Handicapping Your MBA Odds: Ms. Pre-Med, Mr. Ad Agency, Ms. Silicon Valley, Mr. General Motors, Mr. Fortune 50

man stars

Mr. Indian Advertising Agency Guy

  •  710 GMAT
  • 3.0 GPA
  • Undergraduate degree from the National Institute of Technology in India
  • 3.05 GPA (Master’s)
  • Master’s degree in management communications from MICA India, Asia’s leading communication school
  • Work experience includes more than three years as a brand and communication strategist at global advertising agency Publicis; currently heads up strategy at a division of Publicis India
  • “Campaigns and brands that I have worked on have won Cannes Lions and I have very strong career progression. Currently, am advising CMOs and Brand heads on communication strategy and helping them craft branding strategies. However, I find this role limited and want to move to a more holistic consulting role.
  • Extracurricular involvement as the founder of the quizzing society at PG college, was main quizmaster for college’s quiz fest, some radio jockeying, theater work in university, contributor to various travel blogs, won some robotics and debate competitions in college
  • Goal: To transition into consulting
  • Indian male

Odds of Success:

Duke: 30% to 40%

Northwestern: 30% to 40%

Indiana: 50%

Emory: 50%

Michigan: 40% to 50%

Washington: 50%

Sandy’s Analysis: I’m going to call you silver but not gold. Every part of your profile is not gold: Your GMAT is low for Harvard, Stanford and Wharton. It’s low for Indian applicants. The National Institute of Technology school also lacks the prestige of an IIT in India. So you have a 3.0 at a second-tier school.

No offense to our communication community but it is not considered rocket science by admission committees at business schools. The fact you are at Publicis, a global giant, is a plus. You seem to be doing advertising rather than internal consulting for the company. I’m not sure what experience business schools prefer. I am impressed that several of your brands have won the Cannes Lions awards and your advertising buddies are probably impressed. But I think you should reorient your application toward big data and statistics rather than coming up with a great advertising logo or mascot. Creative types are often dealt with suspicion at business schools for better or worse.

The only fleck of gold on your resume is working for a global advertising company. If you have the right job there, like business development or strategy, it would be ideal. Adcoms like that.

You find working with CMOs and brand heads on branding strategies limiting? That is about as interesting as any business school applicant does.

I think you are an attractive applicant and can add a lot of a business school class. If you got dinged at HBS or Wharton, I wouldn’t find that as a surprise.

Kellogg is known as the creative school and they might go for you. Duke might go for you. You become a competent applicant at Indiana, Ross and Washington. At those places, your stats are in line.

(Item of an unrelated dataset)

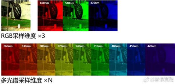 随后华为的P50 Pocket还首次采用了超光谱超级影像单元,拥有10通道多光谱传感器。而此次Mate 70系列的搭载的红枫原色摄像头则是首次将多光谱成像技术应用于手机的拍照,其通道数达到了惊人的150万个,这也使得其能够采集更多光和颜色的有效信息,从而实现成像。而常规的图像传感器只有RGB三个颜色通道,即只有红、绿、蓝三波段的光谱分辨能力。
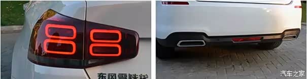 全新C5外观采用了雪铁龙最新家族式设计,前脸比现款运动多了,尤其是酷似C6的LED日间行车灯辨识度很高。尾部最抓眼球的就是4个8尾灯,尤其是晚上,远看就像背着4个大钱袋子,咔咔就是发!双边双出的镀铬尾喉只有装饰作用,真正的排气口隐藏在保险杠里面。

A member of the admissions committee at Indiana or Ross might say you are smart enough. You are not a great student but have been successful at Publicis. That checks one of the boxes. Can you sit still, eat crap and spit it back. You weren’t able to do that too well in college, but you have been able to do that at Publicis. So you pass the mature-adult-who-can-suffer-in-silence test which is a serious one.

Quizzing is very big in India. But American adcoms kind of scratch their heads about it. I am not sure quizzing is a great thing to say or to brag about on an appliation to an American business school. My sense is that people who talk about it and found quizzing clubs are viewed as being a bad version of weird and nerdy. I am exaggerating for effect here but would like our Indian readers to respond to that.